The Great Pacific Garbage Patch is One of Several
News about a giant patch of floating plastic trash generating a surge of interest in plastic contamination in the ocean. What many people may forget is this – there are several garbage patches. Ocean currents can dump plastic trash in areas where there is little circulation. The result is a huge garbage patch that looks like the remains of a sunken garbage barge.
Underwater Noise Pollution:
We usually think of toxic chemicals and garbage when we think of ocean pollution. However, the oceans can be noisy, just like cities. This is not a problem except where extremely noisy human activity. The engines of passing ships, active sonar used by navy ships, and seismic surveys used in oil exploration all contribute to increased noise.

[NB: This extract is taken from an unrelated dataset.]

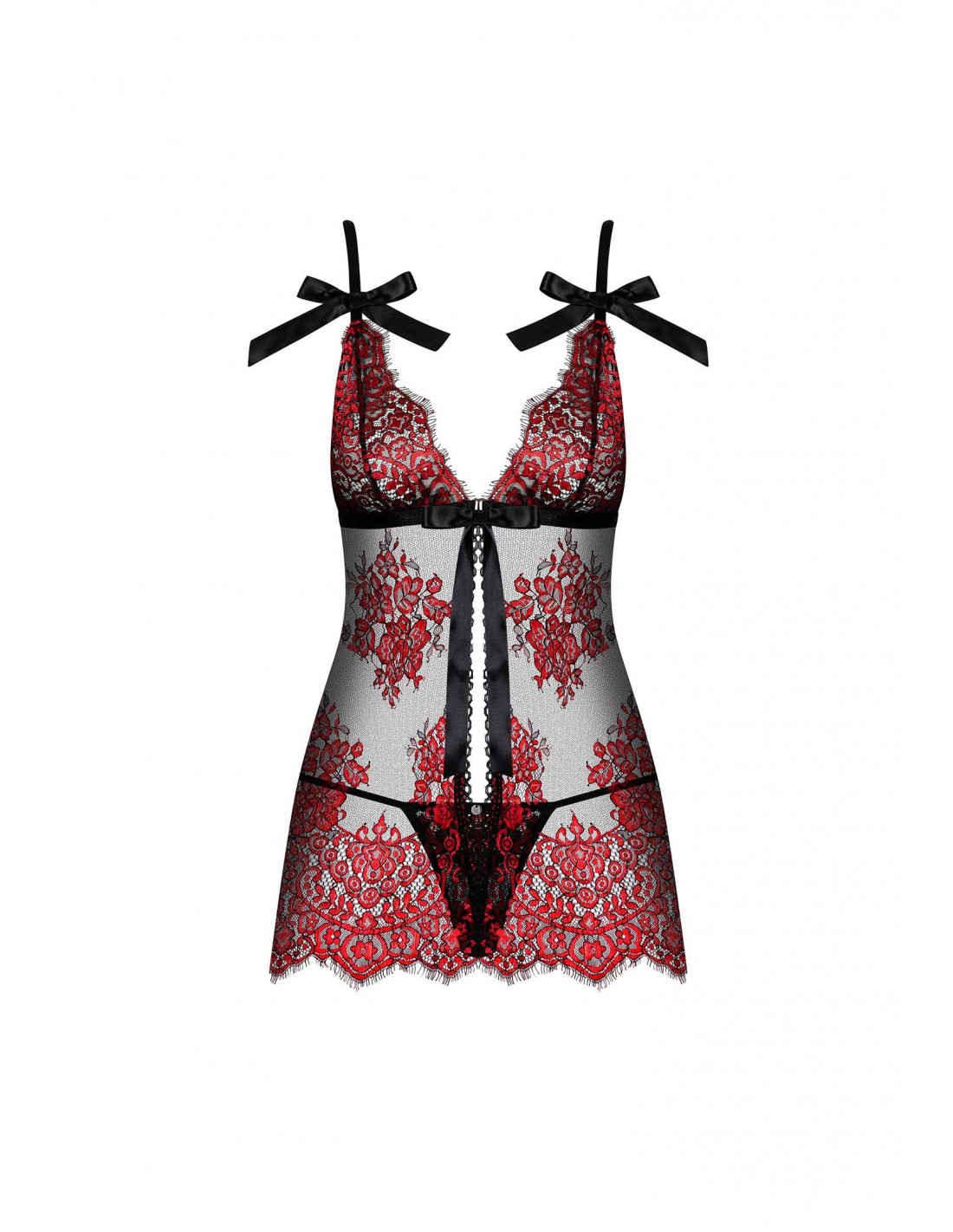 Pod pozorną niewinnością tego babydolla kryją się niezwykle pikantne myśli. Czerwona koronka zdobiąca miseczki oraz kwiatowy wzór tworzący koronkę dodają mu zmysłowości i seksapilu. Rozpinanie z przodu biustu pozwala na szybkie i łatwe zdjęcie babydolla w odpowiednim momencie, aby pokazać swoją prawdziwą naturę.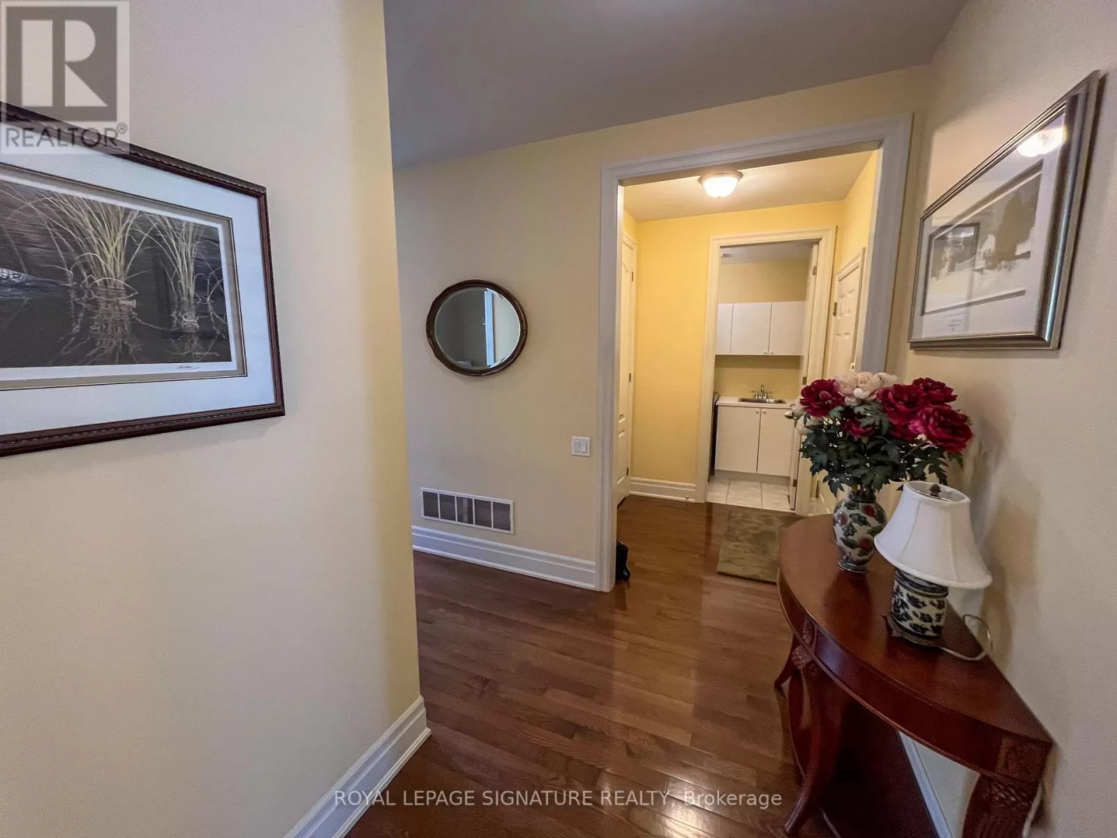 Dundas/Mississauga/Collegeway Elegant condo townhouse with a bright open-concept design and vaulted Great Room leading to a spacious deck overlooking a private garden. The primary suite offers a walk-in closet and spa-inspired ensuite. A fully finished lower level includes a guest bedroom, full bath, and ample storage. Maintenance-free living with exterior care, landscaping, and road up keep included. (id:27476)

Noise Pollution Makes Animals Louder:
Just as humans tend to speak up in noisy environments, animals may have to “speak up” to be heard over active sonars and other human sources of noise. Whales, for example, use their songs to communicate about prey, potential danger, and more. When their communications are masked by artificial noise, they must try harder. Other marine creatures that use sound to communicate also raise their voices.
Ocean Mining is a Growing Source of Minerals and Pollution
Hydrothermal vents have become a new source of minerals, but raise new pollution concerns. Sulfide deposits rich in metals like gold and copper can be recovered from near those vents. Unfortunately, the mining operations can disrupt the ecosystem in a couple of ways, by chewing up the habitat of organisms that live on the seabed and by dumping silt into the water. Filter-feeding organisms can be injured ingesting too much silt.
Most Ocean Pollution Comes from Millions of Scattered Sources
Spectacular events like huge oil spills or the Fukushima nuclear disaster get a huge amount of media attention. But most of the plastic garbage, heavy metals, and nutrient pollution comes from millions of farms, factories, sewer pipes, lawns, landfills, and leaky old boats around the world.